YORUM | OSMAN ERTÜRK
Geçen hafta ajanslara düşen bir fotoğraf gözüme ilişti. Barolar Birliği Başkanı Metin Feyzioğlu, Cumhurbaşkanı Erdoğan’ı sarayda ziyaret etmiş ve birde fotoğraf çektirmişlerdi. Taraflardan biri, bizim mesleğin en önemli ismi olunca, fotoğraf daha da dikkatimi çekti. İkisi de objektiflere bakarken “Yüzü sirke satma” modundaydı. El sıkışıyorlar ama konuştukları konunun ağırlığı ve sevimsizliği göstere göstere “Ben buradayım.” diyordu. Her iki tarafta ziyaretin amacını biliyordu. Keyifsizliğin sebebi bu olsa gerek. Ne olabilirdi ki bu amaç acaba? Bir sonraki gün karar duruşması olan Ergenekon dosyası olmasın? Ben Feyzioğlu’na Ergenekon’un postası diyorum.

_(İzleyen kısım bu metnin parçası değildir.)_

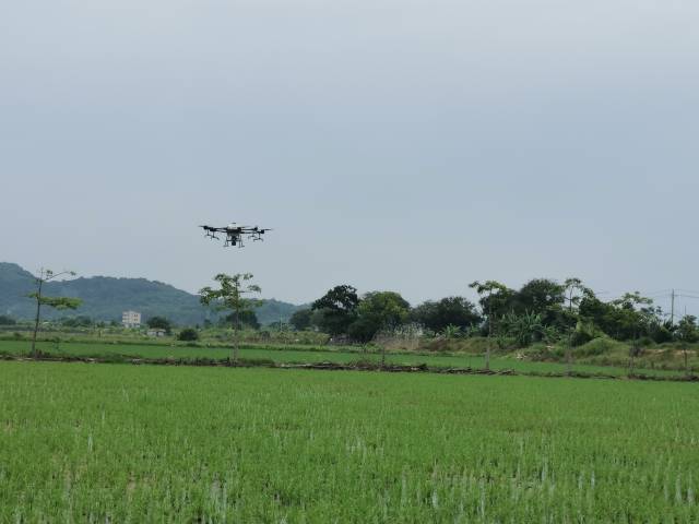 展开无人机的螺旋桨,连上电池,将肥料接入无人机底部,在遥控手柄上插上手机,一切准备停当,刘锡洪按动遥控手柄,无人机升空向稻田尽头飞去。只见几个来回下来,十几亩地就施完肥了。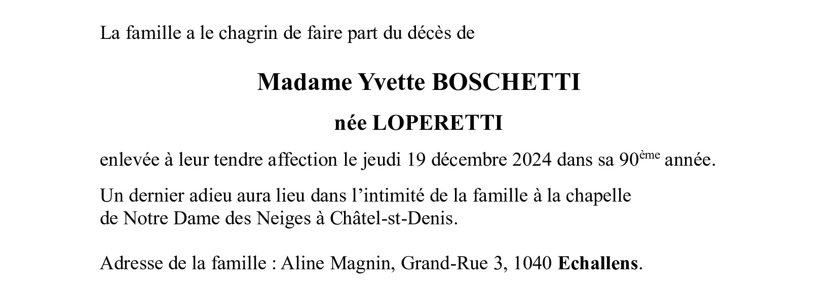 Madame Yvette BOSCHETTI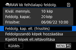 • A(z) [Feldolg. kapac.] értéke [0], hacsak nincs fizetett előfizetése a RAW-képek felhőalapú feldolgozására. Ha előfizetés nélkül ellenőrzi a feldolgozási kapacitást, akkor az image.canon webhelyen nyilvántartott e-mail-címre kap előfizetési információkat.

Askerlik yapan bilir. Komutanın postası onun getir götür işlerini yapar. Bizim başkan, Ergenekon’un aklanma sürecini, bazen gizli bazen saklı Tayyip Erdoğan ile beraber götürüyor. Ama beş yıldır dosyalar kapanmadığı için koltuğuna şöyle bir yaslanıp güzel bir keyif kahvesi içemedi garibim. Saray kapılarında süründürüyorlar onu. Ümitle yapılan bu ziyaret fayda etmedi demek ki, dosyada karar yine verilmedi ve duruşma 1 Temmuz 2019 tarihine ertelendi.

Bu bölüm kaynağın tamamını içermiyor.